Il y a également l'hydrogène, mais qui reste aujourd'hui très coûteux à produire, lorsqu'il est produit de manière écologique, c'est-à-dire par l'électrolyse de l'eau et non par craquage du méthane, qui est, lui, un facteur d'émission de CO2 massif. Or, aujourd'hui, 95 % de l'hydrogène consommé en France est produit par le craquage du méthane. Nous entendons donc poursuivre notre soutien à la filière hydrogène, mais dans des termes soutenables.

Monsieur Maquet, votre question sur l'énergie marémotrice m'a déjà été posée par votre homologue au Sénat, M. Jérôme Bignon. Nous allons examiner le projet concernant la baie de Somme, là encore dans un esprit ouvert, mais en défendant des solutions soutenables au plan écologique. Il ne faut pas, pour régler un problème, en créer d'autres. Or, en l'espèce, se posent des problèmes d'envasement et de durabilité, mais aussi des questions d'acceptabilité sociale : le domaine maritime est un domaine partagé, voué à de multiples usages, notamment la pêche. Il y a enfin une question de coût.

La programmation pluriannuelle de l'énergie (PPE) n'est pas un inventaire à la Prévert de toutes les solutions possibles et imaginables en matière d'énergie ; ce sont des choix de développement de filières à plus ou moins grande échelle, opérés chaque fois après avoir opposé ce qu'ils rapportaient – par exemple, en baisse d'émissions de CO2 – à ce qu'ils coûtaient… ou ne coûtaient pas, puisqu'aujourd'hui les coûts de production du solaire photovoltaïque au sol ou de l'éolien ont suffisamment baissé pour être compétitifs avec les prix de marché : avec un prix de marché de l'électricité qui avoisine les 60 euros du mégawatt, il est possible de monter des projets d'énergie éolienne ou solaire qui ne soient pas subventionnés.

En ce qui concerne la Pologne et les centrales à charbon, je ne veux pas montrer du doigt tel ou tel pays, mais il est évident que tous les pays de l'Union européenne n'entendent pas avancer du même pas ni dans la même direction en matière d'énergie ; j'en veux pour preuve la bataille qu'il a fallu mener pour que les vingt-huit ministres de l'environnement adoptent, dans la perspective de la COP24, qui se tiendra en Pologne, à Katowice, le principe d'une déclaration commune qui rehausse nos ambitions. Chaque mot a été pesé et négocié, car de nombreux pays ne souhaitaient ni position commune, ni révision de nos ambitions à la hausse.
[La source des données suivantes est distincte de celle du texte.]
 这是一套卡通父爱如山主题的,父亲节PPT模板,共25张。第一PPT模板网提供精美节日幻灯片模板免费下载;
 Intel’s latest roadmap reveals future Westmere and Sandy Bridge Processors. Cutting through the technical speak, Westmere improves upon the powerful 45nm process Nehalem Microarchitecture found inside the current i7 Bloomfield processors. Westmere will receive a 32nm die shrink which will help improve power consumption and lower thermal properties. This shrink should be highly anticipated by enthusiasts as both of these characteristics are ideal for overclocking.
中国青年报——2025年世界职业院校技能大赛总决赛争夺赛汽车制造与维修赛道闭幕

Ensuite, plus les sujets abordés sont concrets, plus les négociations sont délicates. Faut-il pour autant laisser tomber ? Nous ne le croyons pas, et nous avons d'ailleurs réussi, lors du dernier conseil des ministres européens, à ramener la Pologne ou la Roumanie vers des positions beaucoup moins fermées que celles d'autres pays de l'Est, qui demeurent hostiles à toute position commune ou à toute baisse des émissions de CO2.

Si la France veut conserver la forme de leadership qu'elle a acquise au niveau mondial sur les questions environnementales – quand bien même il ne nous appartient pas de nous jeter des fleurs –, nous devons faire en sorte d'avoir au sein de l'Union un rôle moteur pour entraîner les autres. Je crois fondamentalement que l'Union européenne est un échelon extrêmement pertinent pour mener la bataille écologique, même si ce n'est pas gagné d'avance, pas plus que sur la question des migrants.
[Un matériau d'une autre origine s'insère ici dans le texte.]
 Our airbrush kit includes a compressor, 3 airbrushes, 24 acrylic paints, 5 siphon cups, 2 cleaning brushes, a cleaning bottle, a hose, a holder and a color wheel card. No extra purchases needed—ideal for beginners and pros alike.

Madame Auconie, nous devons en effet résoudre la question des flottes de véhicules propres, mais c'est un fait que l'administration fiscale calcule l'avantage en nature sur le coût du véhicule à l'achat, sachant qu'une Tesla électrique vaut autour de 60 000 euros et qu'une Zoé est plus chère qu'une Clio. Ce sont des règles que nous devons revoir, si nous voulons être cohérents, de la même façon que plusieurs d'entre vous ont prévu de revoir la fiscalité des pick-up, taxés comme des véhicules utilitaires alors qu'il est clair que nombre d'entre eux ne servent pas vraiment à transporter du matériel de chantier.
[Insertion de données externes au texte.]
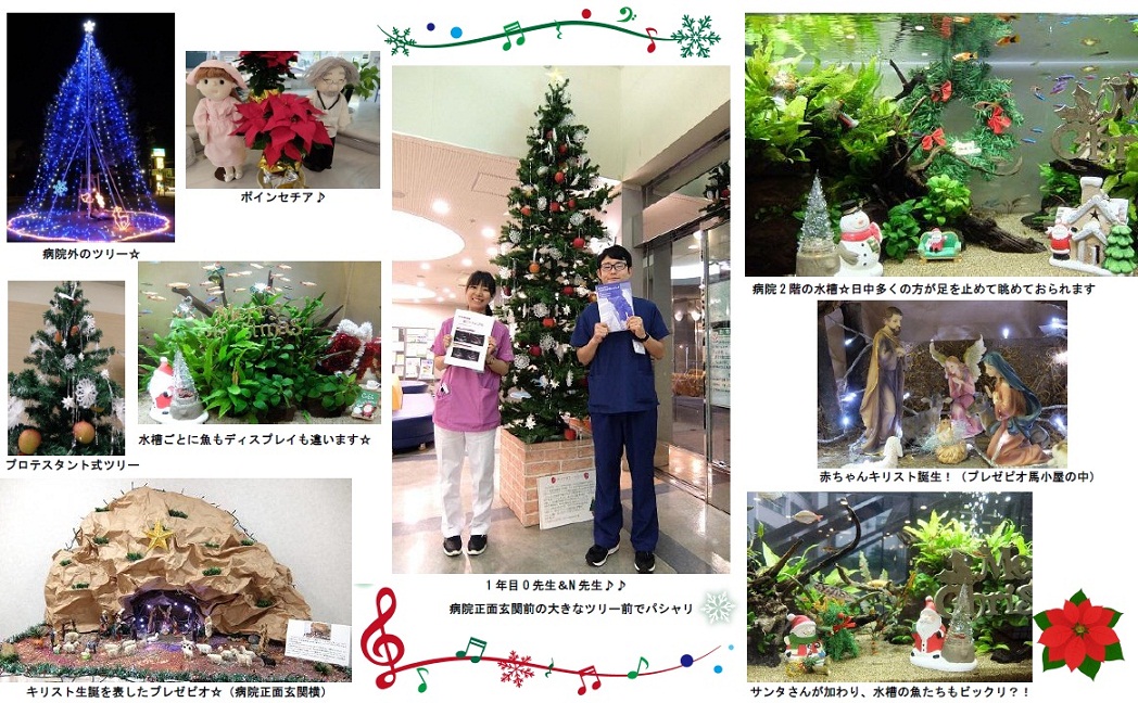 病院内各所にはChristmas Treeや「イエス・キリストの降誕」の情景を再現したプレゼピオ、クリスマス・バージョンの水槽などが数日前よりお目見え♪♪
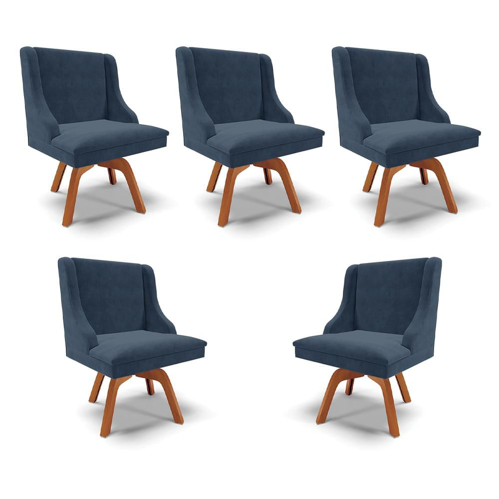 Kit 5 Cadeiras Decorativas Sala de Jantar Base Giratória de Madeira Firenze Suede Azul Marinho/Natural G19 - Gran Belo

Le recyclage, madame Kerbarh, est une de nos priorités. Cela fait partie des différents éléments que nous allons décliner dans la feuille de route pour l'économie circulaire. Le budget pour 2019 comporte quelques mesures en ce sens, comme la hausse de la TGAP. Reste que ce type de mesure est en général immédiatement critiqué et qualifié de mesure « punitive ».

Plus globalement, c'est toute notre politique des déchets que nous devons revoir en profondeur, pour vraiment les réduire à la source, arriver à terme à la suppression des décharges et à la diminution de l'incinération, en augmentant parallèlement le recyclage et la valorisation matière des déchets. S'il faut une loi pour y parvenir, nous ferons une loi : la dernière grande loi sur les déchets remonte à 1992, et il n'est donc pas totalement illégitime d'y réfléchir, avec des chances d'aboutir éventuellement en 2020.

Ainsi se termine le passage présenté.